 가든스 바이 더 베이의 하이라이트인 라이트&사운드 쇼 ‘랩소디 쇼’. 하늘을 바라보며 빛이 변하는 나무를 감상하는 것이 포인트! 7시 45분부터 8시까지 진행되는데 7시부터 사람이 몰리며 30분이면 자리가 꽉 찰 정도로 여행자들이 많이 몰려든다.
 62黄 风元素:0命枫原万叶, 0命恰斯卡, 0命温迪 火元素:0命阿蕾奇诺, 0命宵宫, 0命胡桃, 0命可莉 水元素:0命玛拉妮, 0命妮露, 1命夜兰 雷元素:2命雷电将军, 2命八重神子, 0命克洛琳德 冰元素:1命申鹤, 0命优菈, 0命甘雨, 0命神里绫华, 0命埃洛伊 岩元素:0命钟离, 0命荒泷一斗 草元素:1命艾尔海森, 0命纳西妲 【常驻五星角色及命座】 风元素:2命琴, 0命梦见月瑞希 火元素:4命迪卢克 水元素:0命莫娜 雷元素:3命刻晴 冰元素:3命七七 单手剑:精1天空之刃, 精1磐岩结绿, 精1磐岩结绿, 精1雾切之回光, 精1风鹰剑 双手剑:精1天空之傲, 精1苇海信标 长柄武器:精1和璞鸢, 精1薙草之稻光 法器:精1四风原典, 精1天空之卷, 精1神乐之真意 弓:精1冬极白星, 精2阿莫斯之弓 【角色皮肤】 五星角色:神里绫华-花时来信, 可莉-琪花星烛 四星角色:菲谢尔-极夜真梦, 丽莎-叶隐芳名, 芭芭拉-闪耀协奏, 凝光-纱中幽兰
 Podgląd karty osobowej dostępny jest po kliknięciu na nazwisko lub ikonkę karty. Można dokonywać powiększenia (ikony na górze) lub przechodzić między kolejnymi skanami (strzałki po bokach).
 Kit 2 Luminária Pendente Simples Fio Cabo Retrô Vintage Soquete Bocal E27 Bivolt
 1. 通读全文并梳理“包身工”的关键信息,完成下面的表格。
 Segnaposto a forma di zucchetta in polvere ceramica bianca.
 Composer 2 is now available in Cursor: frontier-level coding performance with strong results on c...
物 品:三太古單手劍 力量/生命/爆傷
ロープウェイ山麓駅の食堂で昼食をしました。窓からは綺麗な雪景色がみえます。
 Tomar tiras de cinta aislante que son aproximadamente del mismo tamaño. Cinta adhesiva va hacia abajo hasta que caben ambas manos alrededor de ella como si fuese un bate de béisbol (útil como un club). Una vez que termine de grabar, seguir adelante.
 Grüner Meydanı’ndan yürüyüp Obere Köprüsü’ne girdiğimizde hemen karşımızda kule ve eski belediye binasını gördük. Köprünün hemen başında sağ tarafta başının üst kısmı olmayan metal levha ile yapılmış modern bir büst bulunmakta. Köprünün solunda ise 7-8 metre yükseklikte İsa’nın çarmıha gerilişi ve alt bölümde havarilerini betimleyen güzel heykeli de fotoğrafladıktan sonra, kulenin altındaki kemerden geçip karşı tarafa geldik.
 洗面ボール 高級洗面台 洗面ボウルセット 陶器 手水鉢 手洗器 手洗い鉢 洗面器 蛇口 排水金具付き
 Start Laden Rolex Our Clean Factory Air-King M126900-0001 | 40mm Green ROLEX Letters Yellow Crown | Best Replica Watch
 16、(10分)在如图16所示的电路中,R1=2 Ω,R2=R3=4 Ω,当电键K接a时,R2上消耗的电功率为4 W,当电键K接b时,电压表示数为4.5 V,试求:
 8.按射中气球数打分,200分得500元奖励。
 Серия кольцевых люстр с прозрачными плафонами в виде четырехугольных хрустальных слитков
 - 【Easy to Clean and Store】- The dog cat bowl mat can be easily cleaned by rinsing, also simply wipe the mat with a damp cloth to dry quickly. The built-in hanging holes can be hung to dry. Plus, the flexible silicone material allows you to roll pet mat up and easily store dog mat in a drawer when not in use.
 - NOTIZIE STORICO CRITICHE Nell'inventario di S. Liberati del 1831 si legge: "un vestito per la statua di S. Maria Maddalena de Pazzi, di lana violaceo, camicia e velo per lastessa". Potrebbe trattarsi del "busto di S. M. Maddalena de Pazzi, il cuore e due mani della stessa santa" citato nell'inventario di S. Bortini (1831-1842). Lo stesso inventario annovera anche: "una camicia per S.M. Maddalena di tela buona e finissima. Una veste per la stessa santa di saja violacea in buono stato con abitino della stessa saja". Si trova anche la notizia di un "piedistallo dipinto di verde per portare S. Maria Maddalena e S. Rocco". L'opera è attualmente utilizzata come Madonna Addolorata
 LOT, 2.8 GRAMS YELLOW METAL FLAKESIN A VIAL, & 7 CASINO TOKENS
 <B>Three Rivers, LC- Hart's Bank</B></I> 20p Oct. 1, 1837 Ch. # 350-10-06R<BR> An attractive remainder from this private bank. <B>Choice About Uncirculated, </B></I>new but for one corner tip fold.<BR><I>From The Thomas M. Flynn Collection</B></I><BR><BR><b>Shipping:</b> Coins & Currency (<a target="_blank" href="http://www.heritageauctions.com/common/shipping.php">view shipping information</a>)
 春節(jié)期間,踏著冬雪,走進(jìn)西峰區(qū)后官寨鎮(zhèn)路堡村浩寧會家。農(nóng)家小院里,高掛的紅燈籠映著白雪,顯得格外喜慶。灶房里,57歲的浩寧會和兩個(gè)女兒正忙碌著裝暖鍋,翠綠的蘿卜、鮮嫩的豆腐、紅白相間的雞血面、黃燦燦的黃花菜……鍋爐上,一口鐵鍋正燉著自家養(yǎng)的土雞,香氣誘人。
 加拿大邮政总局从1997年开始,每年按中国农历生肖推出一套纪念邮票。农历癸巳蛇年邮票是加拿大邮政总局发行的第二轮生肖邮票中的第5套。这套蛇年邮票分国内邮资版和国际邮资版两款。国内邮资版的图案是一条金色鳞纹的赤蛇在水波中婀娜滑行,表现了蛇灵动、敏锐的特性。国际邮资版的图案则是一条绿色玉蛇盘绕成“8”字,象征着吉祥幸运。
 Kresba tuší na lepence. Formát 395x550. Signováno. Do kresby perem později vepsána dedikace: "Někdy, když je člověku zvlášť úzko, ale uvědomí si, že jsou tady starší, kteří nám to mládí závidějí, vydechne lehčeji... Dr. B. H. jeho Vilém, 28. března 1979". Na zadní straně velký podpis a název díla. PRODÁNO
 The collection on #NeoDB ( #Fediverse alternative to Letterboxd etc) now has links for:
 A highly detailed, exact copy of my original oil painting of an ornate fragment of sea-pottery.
+++++
### WHAT THE TASK ASKS
With nothing added or dropped, reproduce all the data exactly.

### ANSWER BOX
 가든스 바이 더 베이의 하이라이트인 라이트&사운드 쇼 ‘랩소디 쇼’. 하늘을 바라보며 빛이 변하는 나무를 감상하는 것이 포인트! 7시 45분부터 8시까지 진행되는데 7시부터 사람이 몰리며 30분이면 자리가 꽉 찰 정도로 여행자들이 많이 몰려든다.
 62黄 风元素:0命枫原万叶, 0命恰斯卡, 0命温迪 火元素:0命阿蕾奇诺, 0命宵宫, 0命胡桃, 0命可莉 水元素:0命玛拉妮, 0命妮露, 1命夜兰 雷元素:2命雷电将军, 2命八重神子, 0命克洛琳德 冰元素:1命申鹤, 0命优菈, 0命甘雨, 0命神里绫华, 0命埃洛伊 岩元素:0命钟离, 0命荒泷一斗 草元素:1命艾尔海森, 0命纳西妲 【常驻五星角色及命座】 风元素:2命琴, 0命梦见月瑞希 火元素:4命迪卢克 水元素:0命莫娜 雷元素:3命刻晴 冰元素:3命七七 单手剑:精1天空之刃, 精1磐岩结绿, 精1磐岩结绿, 精1雾切之回光, 精1风鹰剑 双手剑:精1天空之傲, 精1苇海信标 长柄武器:精1和璞鸢, 精1薙草之稻光 法器:精1四风原典, 精1天空之卷, 精1神乐之真意 弓:精1冬极白星, 精2阿莫斯之弓 【角色皮肤】 五星角色:神里绫华-花时来信, 可莉-琪花星烛 四星角色:菲谢尔-极夜真梦, 丽莎-叶隐芳名, 芭芭拉-闪耀协奏, 凝光-纱中幽兰
 Podgląd karty osobowej dostępny jest po kliknięciu na nazwisko lub ikonkę karty. Można dokonywać powiększenia (ikony na górze) lub przechodzić między kolejnymi skanami (strzałki po bokach).
 Kit 2 Luminária Pendente Simples Fio Cabo Retrô Vintage Soquete Bocal E27 Bivolt
 1. 通读全文并梳理“包身工”的关键信息,完成下面的表格。
 Segnaposto a forma di zucchetta in polvere ceramica bianca.
 Composer 2 is now available in Cursor: frontier-level coding performance with strong results on c...
物 品:三太古單手劍 力量/生命/爆傷
ロープウェイ山麓駅の食堂で昼食をしました。窓からは綺麗な雪景色がみえます。
 Tomar tiras de cinta aislante que son aproximadamente del mismo tamaño. Cinta adhesiva va hacia abajo hasta que caben ambas manos alrededor de ella como si fuese un bate de béisbol (útil como un club). Una vez que termine de grabar, seguir adelante.
 Grüner Meydanı’ndan yürüyüp Obere Köprüsü’ne girdiğimizde hemen karşımızda kule ve eski belediye binasını gördük. Köprünün hemen başında sağ tarafta başının üst kısmı olmayan metal levha ile yapılmış modern bir büst bulunmakta. Köprünün solunda ise 7-8 metre yükseklikte İsa’nın çarmıha gerilişi ve alt bölümde havarilerini betimleyen güzel heykeli de fotoğrafladıktan sonra, kulenin altındaki kemerden geçip karşı tarafa geldik.
 洗面ボール 高級洗面台 洗面ボウルセット 陶器 手水鉢 手洗器 手洗い鉢 洗面器 蛇口 排水金具付き
 Start Laden Rolex Our Clean Factory Air-King M126900-0001 | 40mm Green ROLEX Letters Yellow Crown | Best Replica Watch
 16、(10分)在如图16所示的电路中,R1=2 Ω,R2=R3=4 Ω,当电键K接a时,R2上消耗的电功率为4 W,当电键K接b时,电压表示数为4.5 V,试求:
 8.按射中气球数打分,200分得500元奖励。
 Серия кольцевых люстр с прозрачными плафонами в виде четырехугольных хрустальных слитков
 - 【Easy to Clean and Store】- The dog cat bowl mat can be easily cleaned by rinsing, also simply wipe the mat with a damp cloth to dry quickly. The built-in hanging holes can be hung to dry. Plus, the flexible silicone material allows you to roll pet mat up and easily store dog mat in a drawer when not in use.
 - NOTIZIE STORICO CRITICHE Nell'inventario di S. Liberati del 1831 si legge: "un vestito per la statua di S. Maria Maddalena de Pazzi, di lana violaceo, camicia e velo per lastessa". Potrebbe trattarsi del "busto di S. M. Maddalena de Pazzi, il cuore e due mani della stessa santa" citato nell'inventario di S. Bortini (1831-1842). Lo stesso inventario annovera anche: "una camicia per S.M. Maddalena di tela buona e finissima. Una veste per la stessa santa di saja violacea in buono stato con abitino della stessa saja". Si trova anche la notizia di un "piedistallo dipinto di verde per portare S. Maria Maddalena e S. Rocco". L'opera è attualmente utilizzata come Madonna Addolorata
 LOT, 2.8 GRAMS YELLOW METAL FLAKESIN A VIAL, & 7 CASINO TOKENS
 <B>Three Rivers, LC- Hart's Bank</B></I> 20p Oct. 1, 1837 Ch. # 350-10-06R<BR> An attractive remainder from this private bank. <B>Choice About Uncirculated, </B></I>new but for one corner tip fold.<BR><I>From The Thomas M. Flynn Collection</B></I><BR><BR><b>Shipping:</b> Coins & Currency (<a target="_blank" href="http://www.heritageauctions.com/common/shipping.php">view shipping information</a>)
 春節(jié)期間,踏著冬雪,走進(jìn)西峰區(qū)后官寨鎮(zhèn)路堡村浩寧會家。農(nóng)家小院里,高掛的紅燈籠映著白雪,顯得格外喜慶。灶房里,57歲的浩寧會和兩個(gè)女兒正忙碌著裝暖鍋,翠綠的蘿卜、鮮嫩的豆腐、紅白相間的雞血面、黃燦燦的黃花菜……鍋爐上,一口鐵鍋正燉著自家養(yǎng)的土雞,香氣誘人。
 加拿大邮政总局从1997年开始,每年按中国农历生肖推出一套纪念邮票。农历癸巳蛇年邮票是加拿大邮政总局发行的第二轮生肖邮票中的第5套。这套蛇年邮票分国内邮资版和国际邮资版两款。国内邮资版的图案是一条金色鳞纹的赤蛇在水波中婀娜滑行,表现了蛇灵动、敏锐的特性。国际邮资版的图案则是一条绿色玉蛇盘绕成“8”字,象征着吉祥幸运。
 Kresba tuší na lepence. Formát 395x550. Signováno. Do kresby perem později vepsána dedikace: "Někdy, když je člověku zvlášť úzko, ale uvědomí si, že jsou tady starší, kteří nám to mládí závidějí, vydechne lehčeji... Dr. B. H. jeho Vilém, 28. března 1979". Na zadní straně velký podpis a název díla. PRODÁNO
 The collection on #NeoDB ( #Fediverse alternative to Letterboxd etc) now has links for:
 A highly detailed, exact copy of my original oil painting of an ornate fragment of sea-pottery.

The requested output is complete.